Blog 2022 07 25   Finding Records in the Strangest of Places 

I am currently attending the Institute of Genealogical and Historical Research (IGHR) so this week’s blog is short.

One of the tenets of a presentation given by Claire Bettag, CG, FUGA, in a 2012 lecture at the National Genealogical Society forum dealt with assuming that records of the same type are similar in content.  That is not always the case and you might be surprised to find records that otherwise might seem out of place.

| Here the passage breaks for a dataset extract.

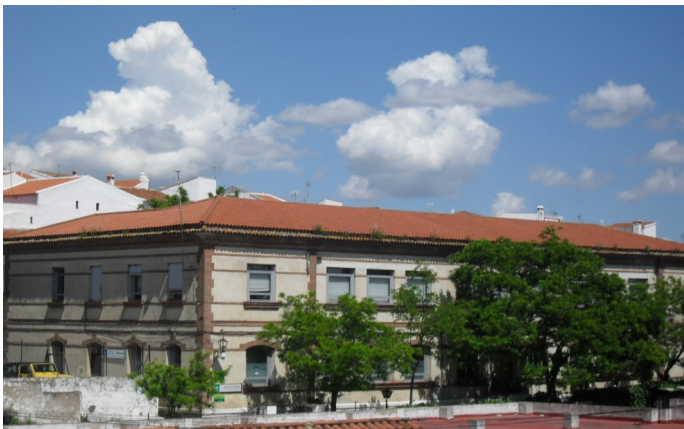
Edificio Sede de Mancomunidad de Municipios

En cuanto a Mancomunidad de Municipios, decir que en estos cuatro años sólo se ha celebrado un pleno extraordinario, con lo que queda patente que este organismo no está cumpliendo las funciones que tiene encomendadas, y parece que sólo sirve para gestionar la recogida de basura. Sus competencias no pueden quedar ahí. Hay que darle más vida a este organismo, aprovechar sus instrumentos materiales y medios personales, puesto que hay muchas cosas que hacer para mejorar nuestra comarca, y de forma colectiva siempre se hace más presión.

I have written about my hooligan ancestor who was medically discharged from the Army during the Civil War, reenlisted, and then deserted.  However, his second wife was not aware of this and filed a widow’s pension in 1907 wanting him declared dead.  One of the documents she had to provide was a copy of their marriage in Toronto, Canada in 1882.  When I received the inch-thick packet from the National Archives and Records Administration (NARA), in it was a copy of a Canadian marriage license.  Not a normal place to look for one.  I already had two copies of it, one I got off a website and the other when I was at the Canadian Archives of Ontario in Toronto.

I knew my great grandfather, General Jackson Thomas, and his third wife, Mrs. Unity Medders Dean had split.  What I was not sure about was whether they divorced, although she is listed as a widow in his obituary of 1926, legally separate, or simply split.  One day while copying all land and deed records that I could find one with his name on them, I came across a unique one.  On 5 February 1924, they agreed to live in a state of separation and he was giving her land and livestock for her care and their daughter.  Who would think to look in a land deed for a Legal Separation Document?

I have also seen a complete copy of a will in the land and deed records of a different county.  Why?  Because the deceased owned property in that county when she died and the property had to be probated.  The judge in that county required a copy (certified transcription) from the original probate court.  That had to be provided.

I have found copies of marriage records in probate records and in land records.  I have heard of all sorts of records being found in military and railroad pension files.

So back to the original false assumptions, do not assume that records filed by type ONLY contain those types.